Problem
Output all entries precisely and leave out the pictures.

Exercise inputs
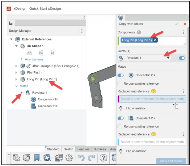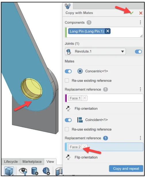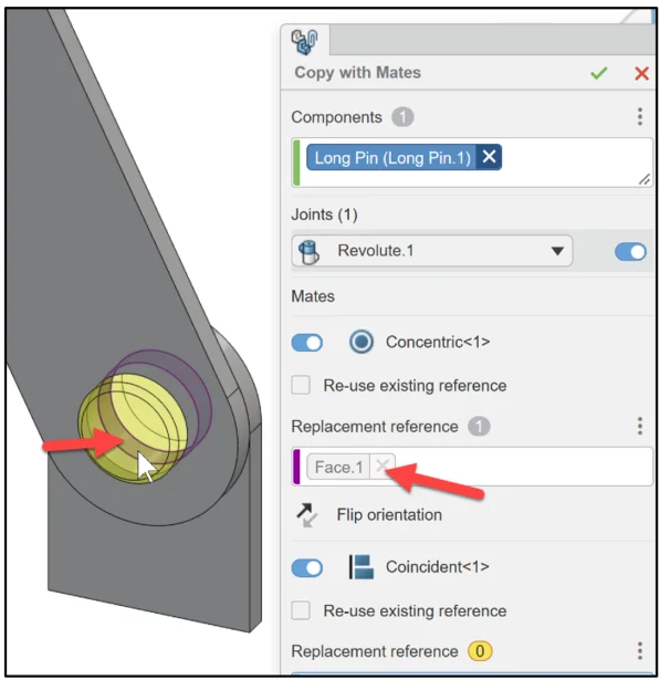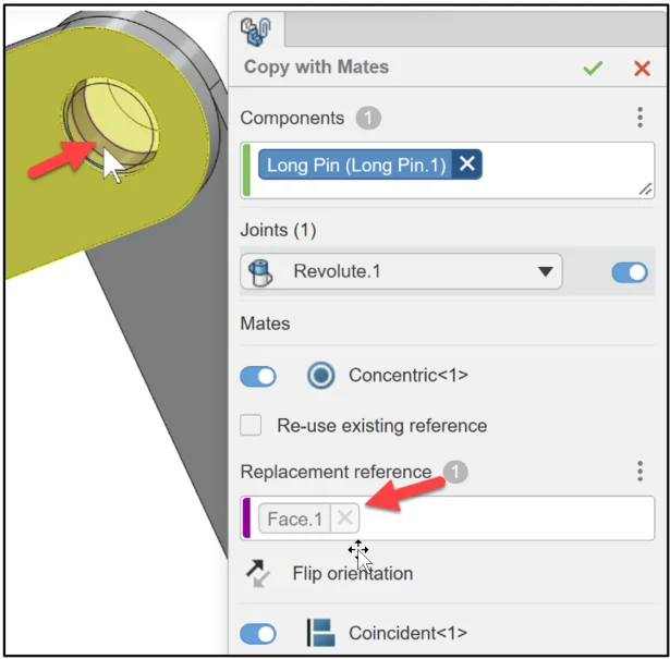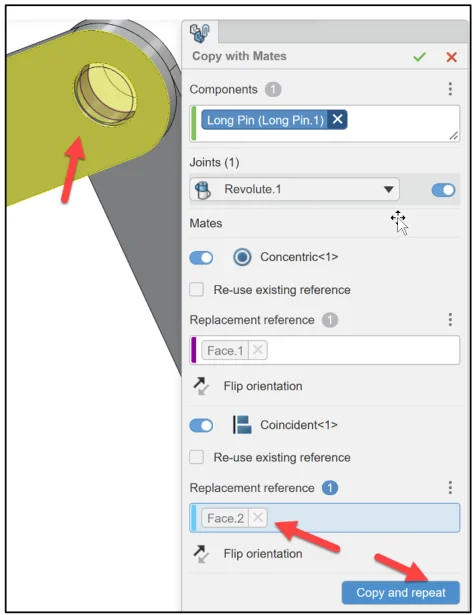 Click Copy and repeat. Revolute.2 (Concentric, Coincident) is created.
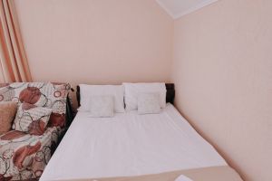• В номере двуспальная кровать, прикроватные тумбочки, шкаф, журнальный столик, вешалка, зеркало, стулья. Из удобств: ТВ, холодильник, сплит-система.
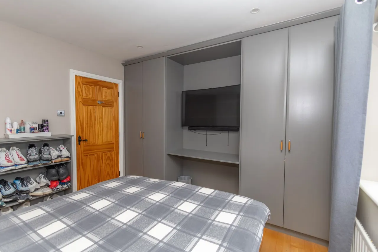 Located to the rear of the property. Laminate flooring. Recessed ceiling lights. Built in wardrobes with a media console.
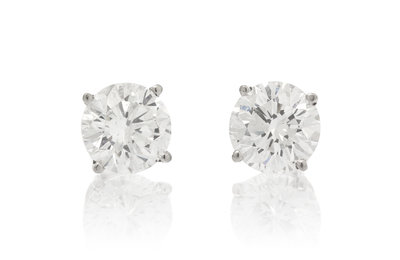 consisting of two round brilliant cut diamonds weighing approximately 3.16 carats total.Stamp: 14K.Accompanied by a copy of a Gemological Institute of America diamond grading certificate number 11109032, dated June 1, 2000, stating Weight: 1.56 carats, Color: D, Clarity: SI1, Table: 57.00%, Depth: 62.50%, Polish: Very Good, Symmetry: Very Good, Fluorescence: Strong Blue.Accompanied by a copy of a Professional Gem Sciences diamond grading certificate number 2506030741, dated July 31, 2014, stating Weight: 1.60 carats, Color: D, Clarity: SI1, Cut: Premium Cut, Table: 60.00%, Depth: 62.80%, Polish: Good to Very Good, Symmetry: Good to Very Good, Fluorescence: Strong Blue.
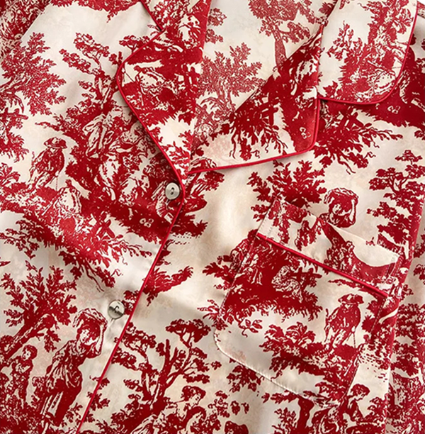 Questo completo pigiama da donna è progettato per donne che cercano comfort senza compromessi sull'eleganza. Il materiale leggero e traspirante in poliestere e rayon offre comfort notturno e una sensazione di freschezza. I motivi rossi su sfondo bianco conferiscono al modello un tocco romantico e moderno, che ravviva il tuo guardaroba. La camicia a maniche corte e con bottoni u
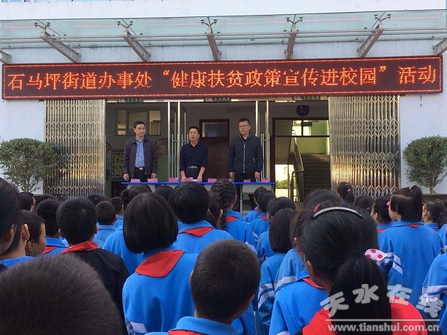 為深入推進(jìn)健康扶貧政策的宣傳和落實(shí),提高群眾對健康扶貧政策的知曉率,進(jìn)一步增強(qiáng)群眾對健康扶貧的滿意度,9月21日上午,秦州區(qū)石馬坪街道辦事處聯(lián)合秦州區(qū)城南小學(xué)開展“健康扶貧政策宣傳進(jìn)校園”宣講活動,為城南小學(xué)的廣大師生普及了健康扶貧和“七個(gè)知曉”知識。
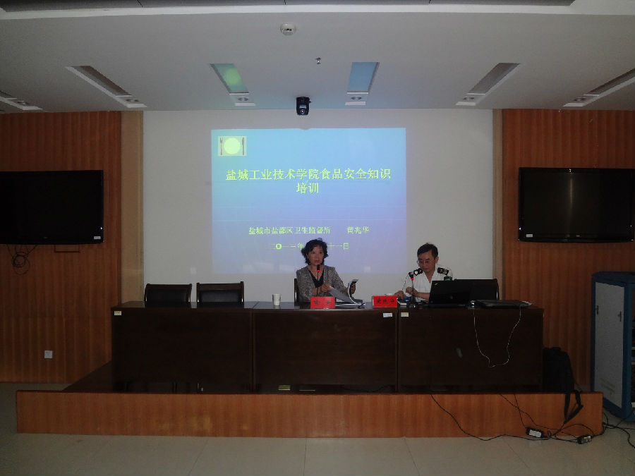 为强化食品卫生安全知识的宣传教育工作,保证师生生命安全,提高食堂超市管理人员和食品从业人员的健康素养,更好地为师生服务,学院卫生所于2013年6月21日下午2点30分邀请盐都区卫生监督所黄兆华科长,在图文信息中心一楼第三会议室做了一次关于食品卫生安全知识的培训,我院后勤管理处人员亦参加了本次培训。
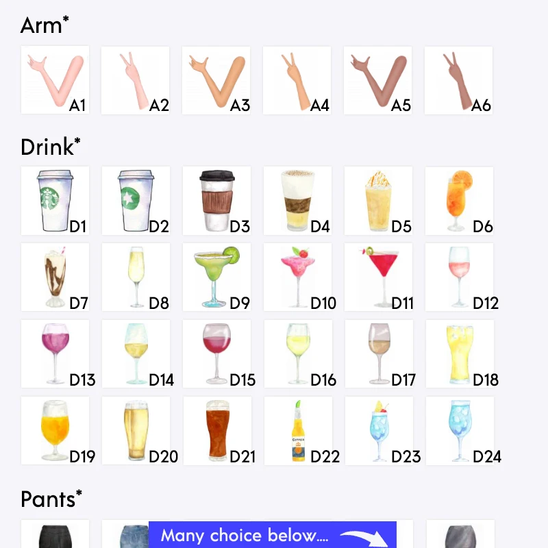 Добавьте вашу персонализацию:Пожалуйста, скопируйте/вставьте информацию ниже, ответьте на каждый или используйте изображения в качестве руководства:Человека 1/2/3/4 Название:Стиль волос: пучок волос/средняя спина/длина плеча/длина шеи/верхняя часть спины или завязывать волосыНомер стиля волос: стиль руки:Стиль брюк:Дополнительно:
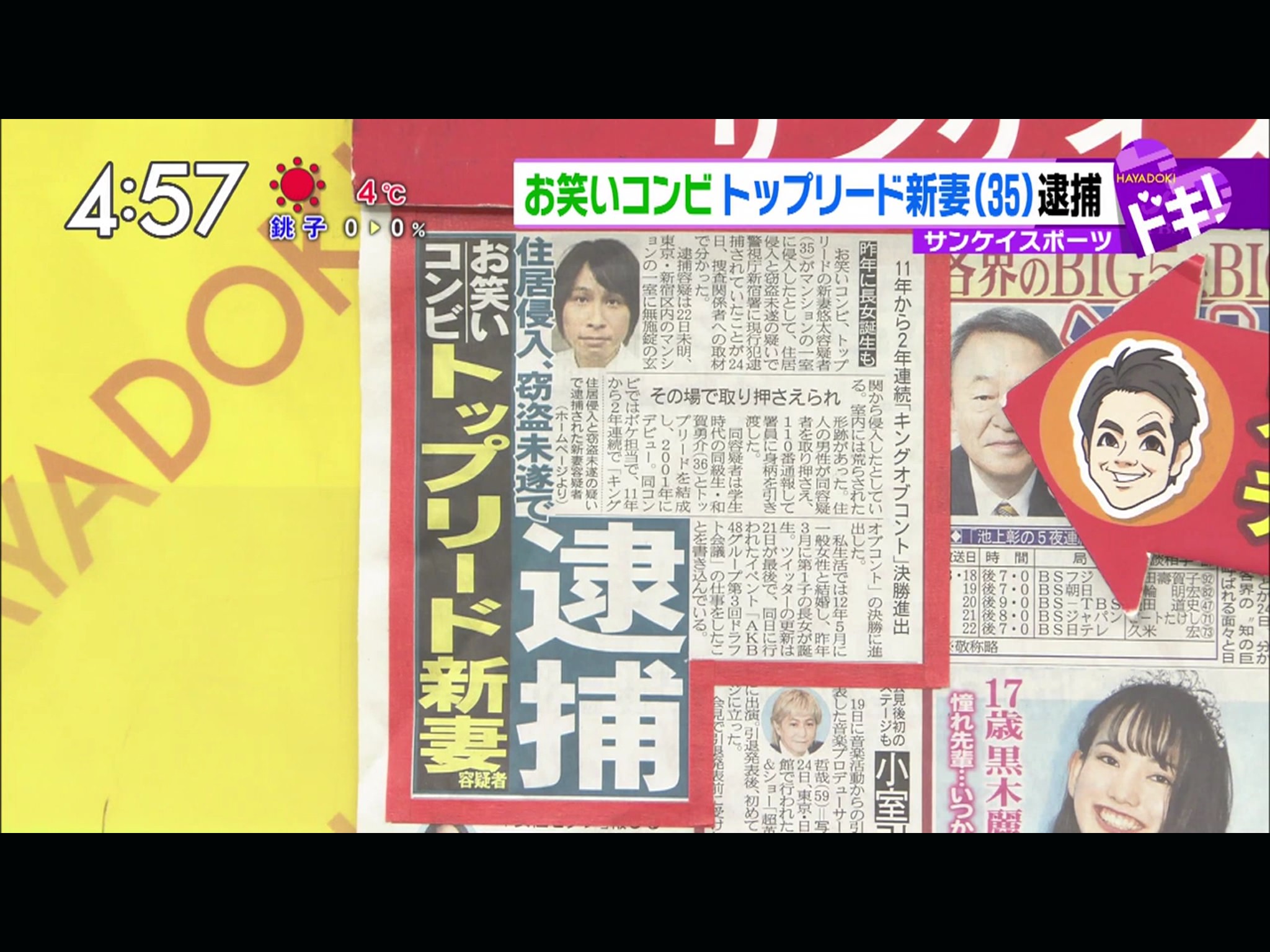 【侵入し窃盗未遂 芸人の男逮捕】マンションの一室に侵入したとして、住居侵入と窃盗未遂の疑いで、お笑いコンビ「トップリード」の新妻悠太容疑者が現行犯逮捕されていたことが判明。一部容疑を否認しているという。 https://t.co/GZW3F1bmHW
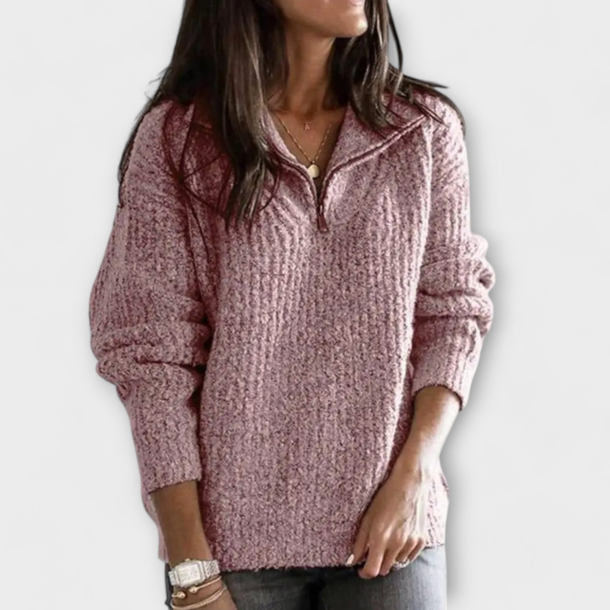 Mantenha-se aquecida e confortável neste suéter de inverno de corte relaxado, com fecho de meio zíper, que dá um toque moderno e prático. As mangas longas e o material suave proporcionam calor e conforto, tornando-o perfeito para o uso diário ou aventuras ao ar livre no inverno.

Your solution
 Click Copy and repeat. Revolute.2 (Concentric, Coincident) is created.
• В номере двуспальная кровать, прикроватные тумбочки, шкаф, журнальный столик, вешалка, зеркало, стулья. Из удобств: ТВ, холодильник, сплит-система.
 Located to the rear of the property. Laminate flooring. Recessed ceiling lights. Built in wardrobes with a media console.
 consisting of two round brilliant cut diamonds weighing approximately 3.16 carats total.Stamp: 14K.Accompanied by a copy of a Gemological Institute of America diamond grading certificate number 11109032, dated June 1, 2000, stating Weight: 1.56 carats, Color: D, Clarity: SI1, Table: 57.00%, Depth: 62.50%, Polish: Very Good, Symmetry: Very Good, Fluorescence: Strong Blue.Accompanied by a copy of a Professional Gem Sciences diamond grading certificate number 2506030741, dated July 31, 2014, stating Weight: 1.60 carats, Color: D, Clarity: SI1, Cut: Premium Cut, Table: 60.00%, Depth: 62.80%, Polish: Good to Very Good, Symmetry: Good to Very Good, Fluorescence: Strong Blue.
 Questo completo pigiama da donna è progettato per donne che cercano comfort senza compromessi sull'eleganza. Il materiale leggero e traspirante in poliestere e rayon offre comfort notturno e una sensazione di freschezza. I motivi rossi su sfondo bianco conferiscono al modello un tocco romantico e moderno, che ravviva il tuo guardaroba. La camicia a maniche corte e con bottoni u
 為深入推進(jìn)健康扶貧政策的宣傳和落實(shí),提高群眾對健康扶貧政策的知曉率,進(jìn)一步增強(qiáng)群眾對健康扶貧的滿意度,9月21日上午,秦州區(qū)石馬坪街道辦事處聯(lián)合秦州區(qū)城南小學(xué)開展“健康扶貧政策宣傳進(jìn)校園”宣講活動,為城南小學(xué)的廣大師生普及了健康扶貧和“七個(gè)知曉”知識。
 为强化食品卫生安全知识的宣传教育工作,保证师生生命安全,提高食堂超市管理人员和食品从业人员的健康素养,更好地为师生服务,学院卫生所于2013年6月21日下午2点30分邀请盐都区卫生监督所黄兆华科长,在图文信息中心一楼第三会议室做了一次关于食品卫生安全知识的培训,我院后勤管理处人员亦参加了本次培训。
 Добавьте вашу персонализацию:Пожалуйста, скопируйте/вставьте информацию ниже, ответьте на каждый или используйте изображения в качестве руководства:Человека 1/2/3/4 Название:Стиль волос: пучок волос/средняя спина/длина плеча/длина шеи/верхняя часть спины или завязывать волосыНомер стиля волос: стиль руки:Стиль брюк:Дополнительно:
 【侵入し窃盗未遂 芸人の男逮捕】マンションの一室に侵入したとして、住居侵入と窃盗未遂の疑いで、お笑いコンビ「トップリード」の新妻悠太容疑者が現行犯逮捕されていたことが判明。一部容疑を否認しているという。 https://t.co/GZW3F1bmHW
 Mantenha-se aquecida e confortável neste suéter de inverno de corte relaxado, com fecho de meio zíper, que dá um toque moderno e prático. As mangas longas e o material suave proporcionam calor e conforto, tornando-o perfeito para o uso diário ou aventuras ao ar livre no inverno.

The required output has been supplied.